◆ **Provided records**:
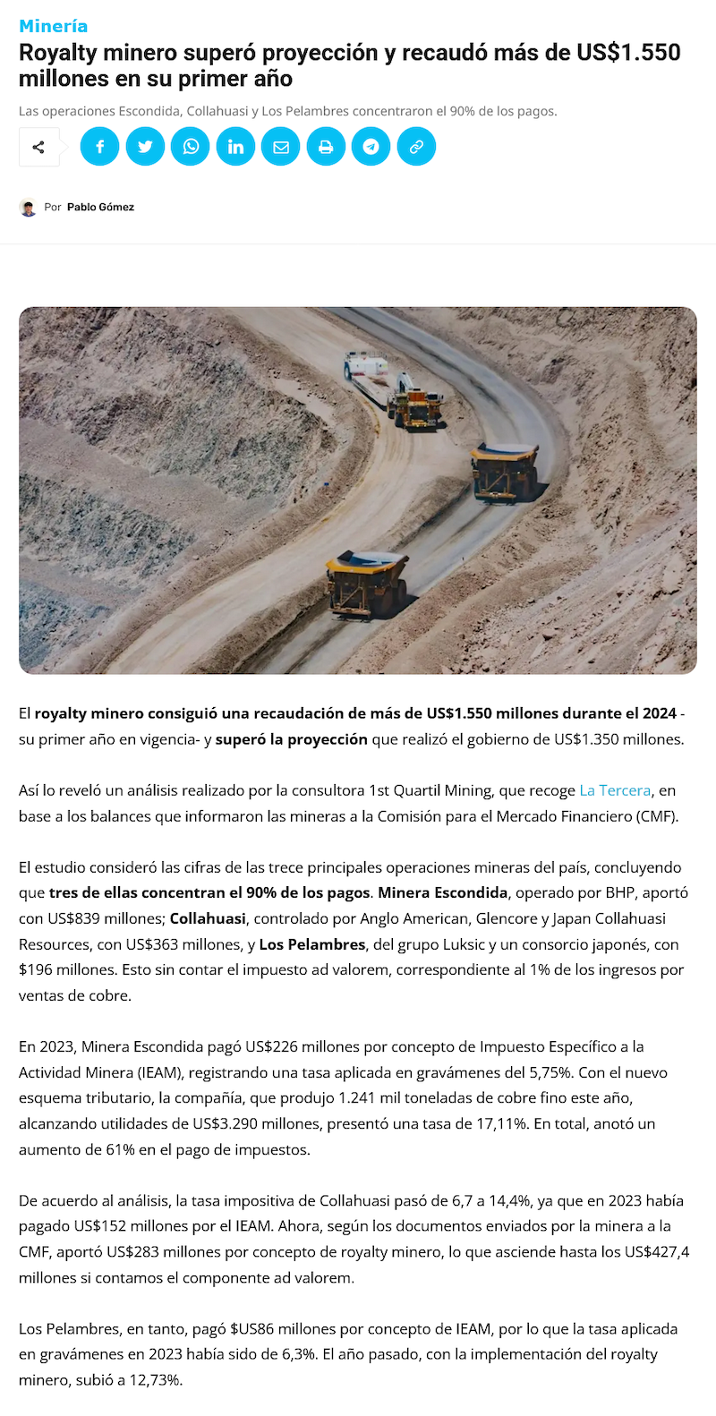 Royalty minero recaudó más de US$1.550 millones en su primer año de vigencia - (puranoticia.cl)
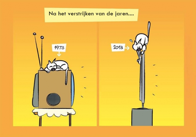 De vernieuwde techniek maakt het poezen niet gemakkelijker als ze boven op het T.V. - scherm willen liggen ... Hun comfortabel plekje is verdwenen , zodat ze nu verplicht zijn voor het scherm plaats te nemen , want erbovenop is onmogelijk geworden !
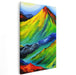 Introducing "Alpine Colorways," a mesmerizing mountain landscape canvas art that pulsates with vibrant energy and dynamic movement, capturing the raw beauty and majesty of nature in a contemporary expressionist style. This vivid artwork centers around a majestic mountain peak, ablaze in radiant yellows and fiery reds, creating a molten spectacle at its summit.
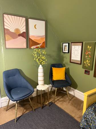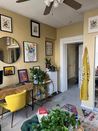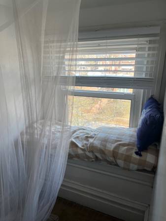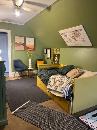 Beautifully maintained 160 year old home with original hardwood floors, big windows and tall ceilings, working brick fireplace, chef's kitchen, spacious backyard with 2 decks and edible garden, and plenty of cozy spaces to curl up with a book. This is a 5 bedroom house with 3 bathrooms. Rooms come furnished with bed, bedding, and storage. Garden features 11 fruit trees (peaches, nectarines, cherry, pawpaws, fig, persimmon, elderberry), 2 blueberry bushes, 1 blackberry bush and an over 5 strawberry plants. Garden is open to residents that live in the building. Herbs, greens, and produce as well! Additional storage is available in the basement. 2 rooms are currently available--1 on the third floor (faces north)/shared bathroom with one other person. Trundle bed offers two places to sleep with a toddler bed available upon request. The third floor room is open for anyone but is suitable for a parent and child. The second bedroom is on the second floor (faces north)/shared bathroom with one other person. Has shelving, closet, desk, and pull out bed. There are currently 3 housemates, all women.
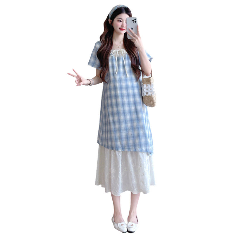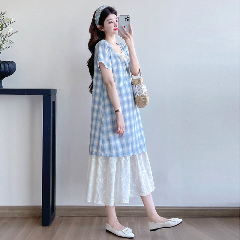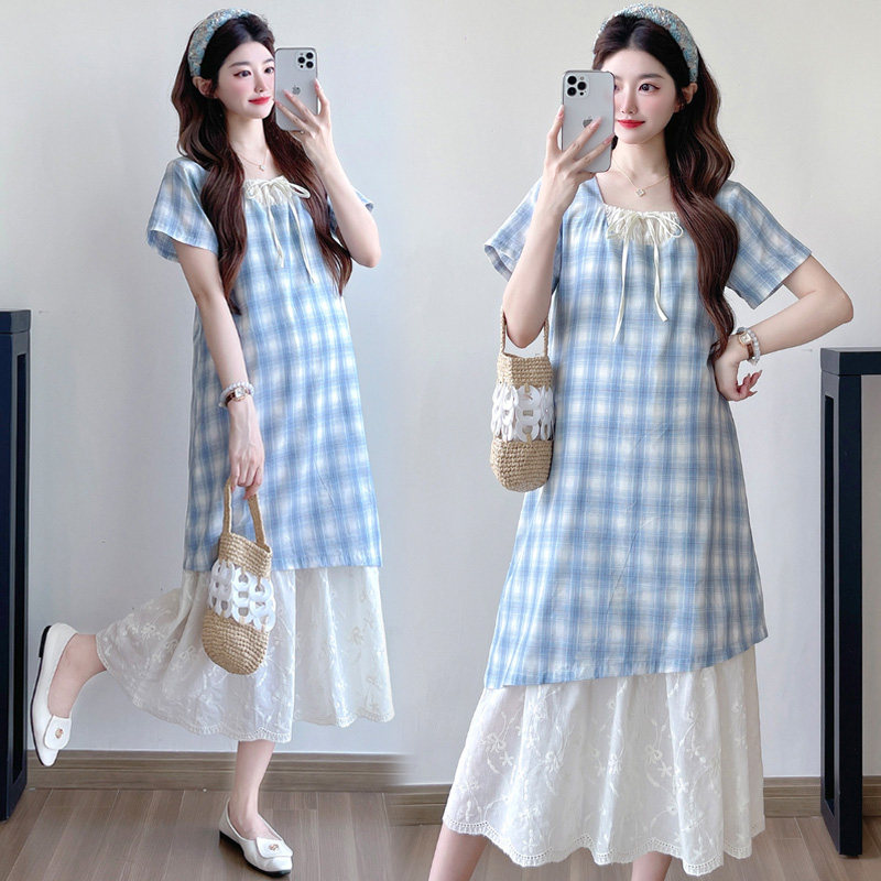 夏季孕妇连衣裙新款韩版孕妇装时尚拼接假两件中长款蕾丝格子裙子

◆ **How to complete this task**:
Could you return all of the entries above exactly, without any images?

◆ **Solution**:
 Royalty minero recaudó más de US$1.550 millones en su primer año de vigencia - (puranoticia.cl)
 De vernieuwde techniek maakt het poezen niet gemakkelijker als ze boven op het T.V. - scherm willen liggen ... Hun comfortabel plekje is verdwenen , zodat ze nu verplicht zijn voor het scherm plaats te nemen , want erbovenop is onmogelijk geworden !
 Introducing "Alpine Colorways," a mesmerizing mountain landscape canvas art that pulsates with vibrant energy and dynamic movement, capturing the raw beauty and majesty of nature in a contemporary expressionist style. This vivid artwork centers around a majestic mountain peak, ablaze in radiant yellows and fiery reds, creating a molten spectacle at its summit.
 Beautifully maintained 160 year old home with original hardwood floors, big windows and tall ceilings, working brick fireplace, chef's kitchen, spacious backyard with 2 decks and edible garden, and plenty of cozy spaces to curl up with a book. This is a 5 bedroom house with 3 bathrooms. Rooms come furnished with bed, bedding, and storage. Garden features 11 fruit trees (peaches, nectarines, cherry, pawpaws, fig, persimmon, elderberry), 2 blueberry bushes, 1 blackberry bush and an over 5 strawberry plants. Garden is open to residents that live in the building. Herbs, greens, and produce as well! Additional storage is available in the basement. 2 rooms are currently available--1 on the third floor (faces north)/shared bathroom with one other person. Trundle bed offers two places to sleep with a toddler bed available upon request. The third floor room is open for anyone but is suitable for a parent and child. The second bedroom is on the second floor (faces north)/shared bathroom with one other person. Has shelving, closet, desk, and pull out bed. There are currently 3 housemates, all women.
 夏季孕妇连衣裙新款韩版孕妇装时尚拼接假两件中长款蕾丝格子裙子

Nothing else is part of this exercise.